It's not really Linux the way we usually know it (just the non-standard
filesystem layout ensures that), but typing "cat /proc/meminfo" into a shell
and seeing the expected result, and using ls, printenv, df, etc, to explore,
really makes it feel pretty familiar to someone used to Linux or other unix-
style systems. [It also seems to use the standard linux/unix group mechanism
for granting app permissions: if you type "id" to the shell, you'll see the
permissions the terminal app holds listed as groups it belongs to.]

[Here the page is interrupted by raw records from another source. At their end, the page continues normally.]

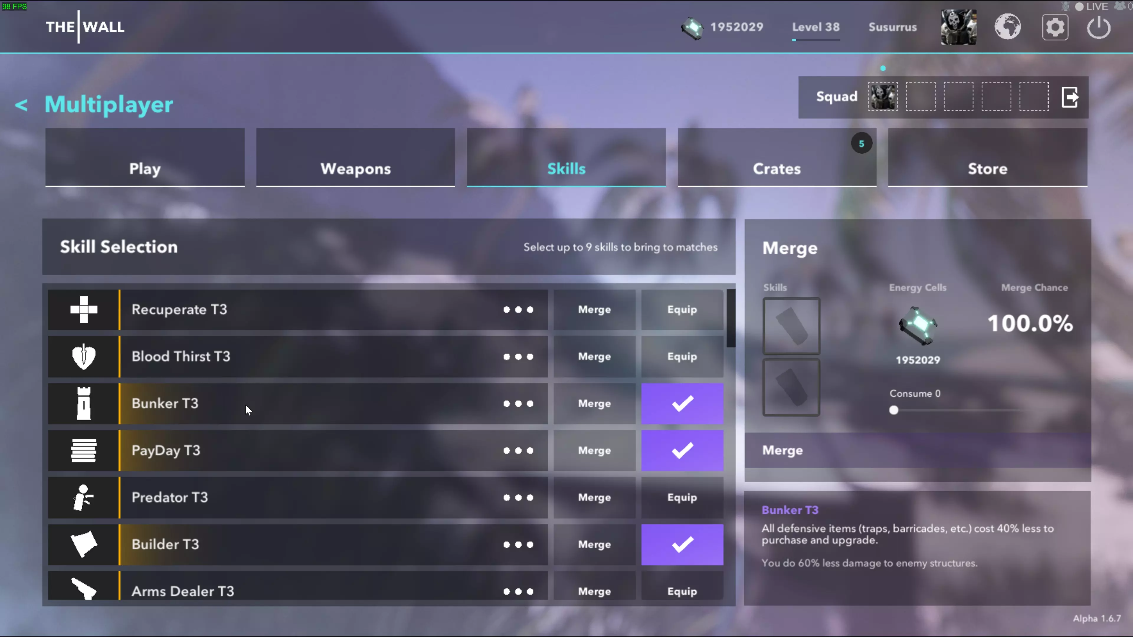 技能:这部分内容既有趣又复杂。每个技能都有正面和负面效果,旨在让游戏充满动态变化,同时为新玩家保持平衡。此界面会显示你通过技能 crate(技能箱)获得的所有技能,并允许你对这些技能进行合并和装备。 你最多可以装备9个任意等级的技能,在加载游戏时带到地图选择界面。在地图选择界面,你只能装备总计6个技能点。3级技能价值3个技能点,2级技能价值2个技能点,1级技能价值1个技能点。这意味着你可以携带2个3级技能、6个1级技能,或其他任意组合。你不能装备不同等级的相同技能来叠加效果。融合需要消耗2个相同等级的技能,并生成一个随机的下一等级技能,与用于融合的技能无关。默认情况下,融合的成功率为50%,但你可以添加能量电池来提高成功的可能性。融合失败会摧毁用于融合的两个技能,且不会获得任何东西。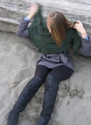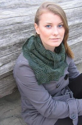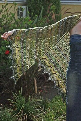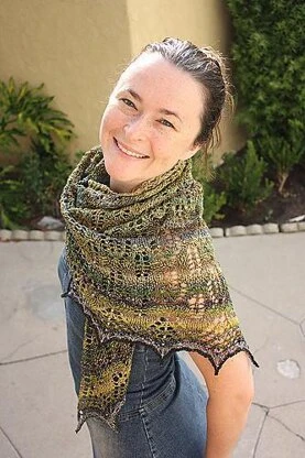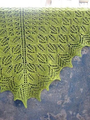 Graceful leafy lace radiates outward, forming a generous scarf-sized shawl. Beads can be incorporated in to the Photosynthesis Shawl to highlight the structure of the lace if desired — but the shawl is equally lovely as a simple lace piece. The pattern includes both charts and written instructions. This triangular shawl is knit in one piece from the center back point down to the edging.
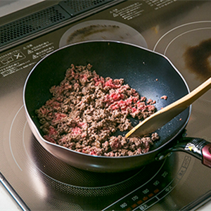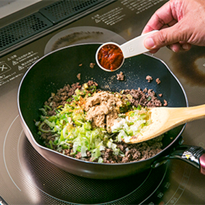Bắc chảo lên, để lửa vừa, bỏ 1 muỗng canh dầu mè vào. Sau đó bỏ thịt heo xay vào, khi thấy thịt chín thì bỏ tỏi, gừng và hành lá vào, tiếp theo là bỏ những gia vị được đánh dấu sao ở trên. Khi thấy rau chín thì tắt lửa.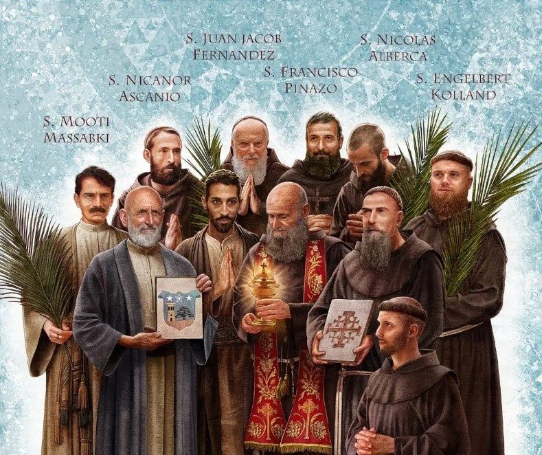 ثمانية رهبان فرنسيسكان مُرسَلين، تركوا بلادهم وتوجّهوا إلى الشرق، ليحملوا إيمانهم ويشهدوا لحبيبهم يسوع، في العالمِ كلّه. أُرسلوا إلى دير الفرنسيسكان في دمشق، المرتبط بروابط روحيّة مع الأراضي المقدّسة. ساروا على خُطى أبيهم فرنسيس الأسّيزي في المحبّة والفقر وأعمال الرحمة، وفتحوا ديرهم وقلوبهم لاستقبال إخوتهم المسيحيّين مُجسّدين الوحدة المسيحيّة. فهم خير مثالٍ يَقتدي به المُرسَلون وخير شفعاء لهم. فلنطلب شفاعتهم لكلّ الرَّهبَنات وبالأخصّ المُرسَلين في العالم!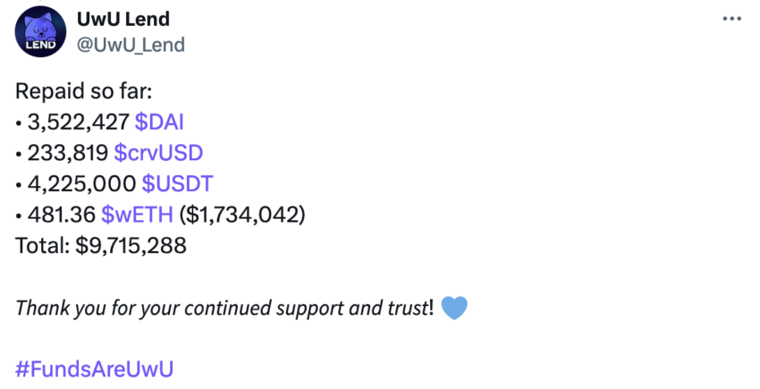 Лендинговый протокол UwU Lend начал выплачивать компенсации жертвам взлома, произошедшего на прошлой неделе. Но проект хакнули снова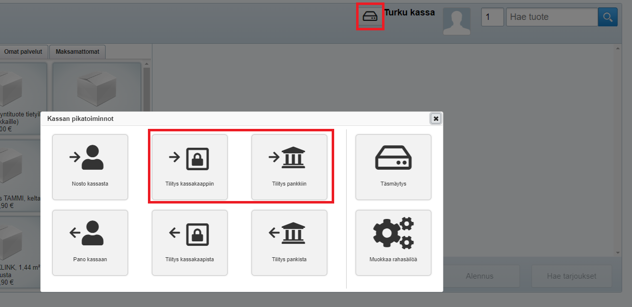 - Klikkaa Kassan pikatoiminnot -painiketta ja valitse Tilitys pankkiin tai Tilitys kassakaappiin, sen mukaan kumpaan haluat ylimääräiset rahat kassalippaasta siirtää:
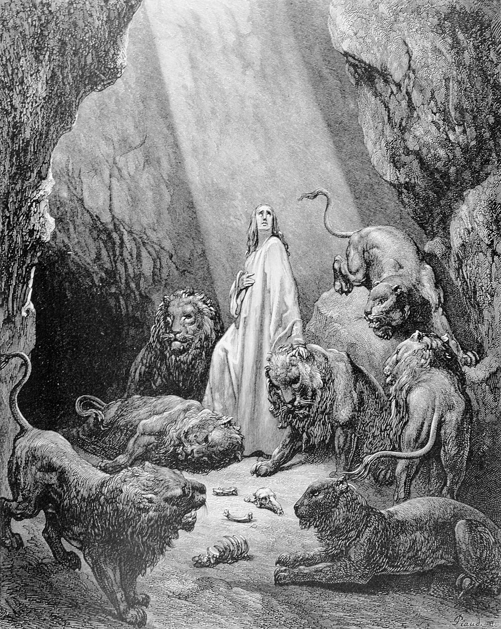 Daniel in the Den of Lions, engraved by Antoine Alphee Piaud(Daniel in the Den of Lions, engraved by Antoine Alphee Piaud, c.1868 )Gustave Dore |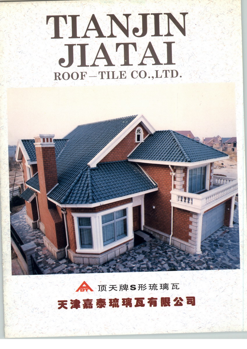 天津嘉泰琉璃瓦有限公司是由新加坡嘉丰集团与天津开发区工业投资公司等共同投资兴办的专业生产西式琉璃瓦的生产厂家。该公司现有职工30O人,主要产品为S型西式琉璃瓦系列产品,1996年年产量为600万件,出口量为50万件,出口金额为50万美元,产品主要出口韩国、日本等国。该公司全套引进日本、德国设备,采用当地的优质陶土,利用国外先进技术,所生产产品全面达到国家标准GB9197一88,达到日本J1S—92标准,并获得了96年烧结装饰瓦产品国家监督抽查合烙企业证书、96全国六大部颁发的小康住宅产品推荐证书。产品注册商标为“顶大”牌。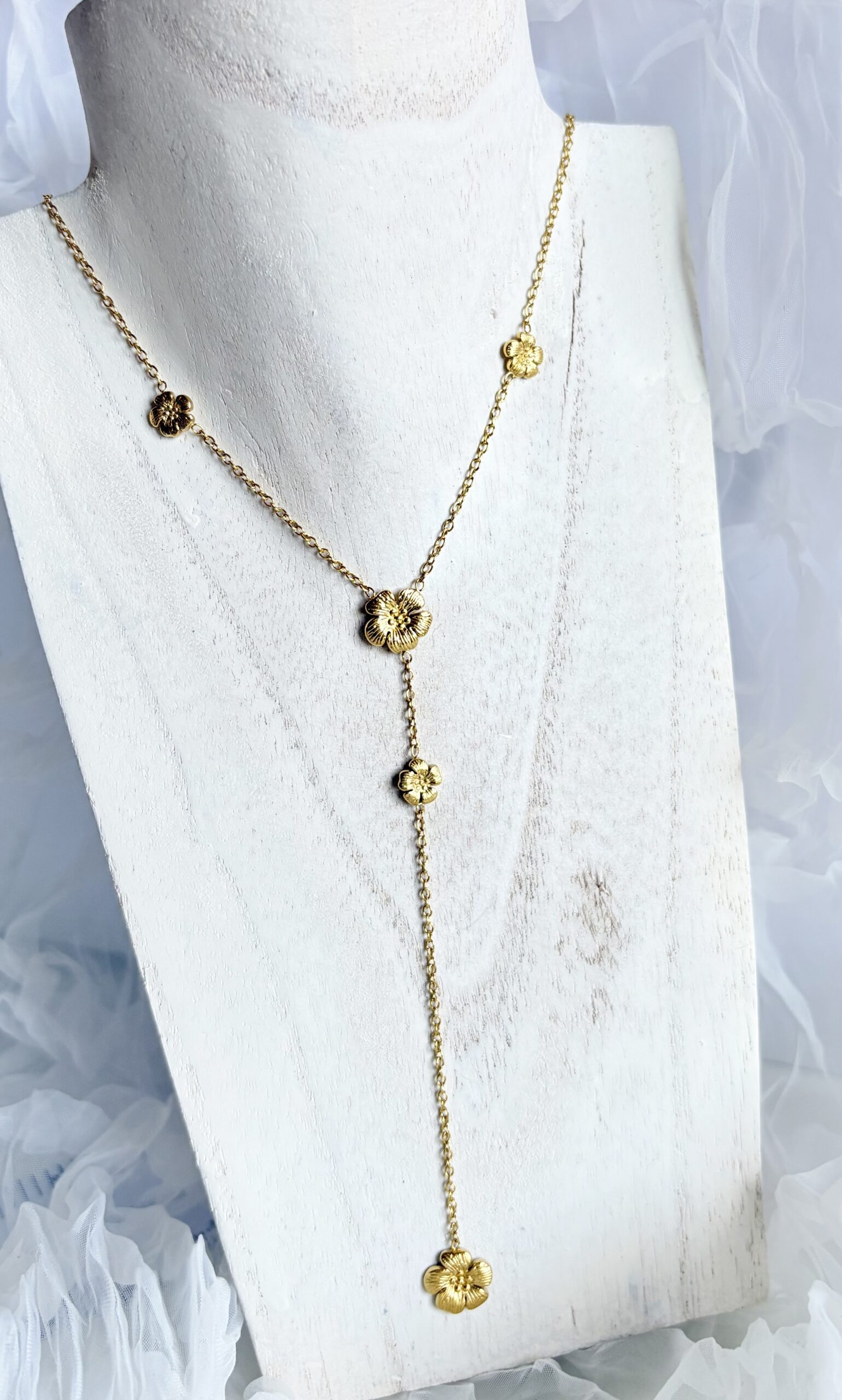 Speziell, extravagant und sexy, 5 Blumen verzieren diese Kette aus Edelstahl, wasserfest mit 18K vergoldet.

The end result is that it really does _feel_ like "Linux with a twist" rather
than something alien.

------
coldtea
> _Samsung is hurting Android_

Maybe. But without Samsung there is NO Android.

No mobile maker makes any money of it worth mentioning, including Google,
besides Samsung. The disparity is so big, it's not even funny. The majority of
Android devices shipped ARE Samsung.

If Samsung was to stop shipping Android stuff, maybe someone else would pick
up. But if Samsung Android devices were to disappear altogether magically,
Android would have like 10-15% market share.

------
TurningCanadian
If Google had been less afraid of the GPL, Samsung would've been forced to
share-alike. Instead, they can just grab the fruits of Google's labors, put
some icing on top, and leave Google with a lesser product.

------
calhoun137
This article is decent, but it forgets to mention that Samsung has done more
to help Android take market share away from Apple than any other company.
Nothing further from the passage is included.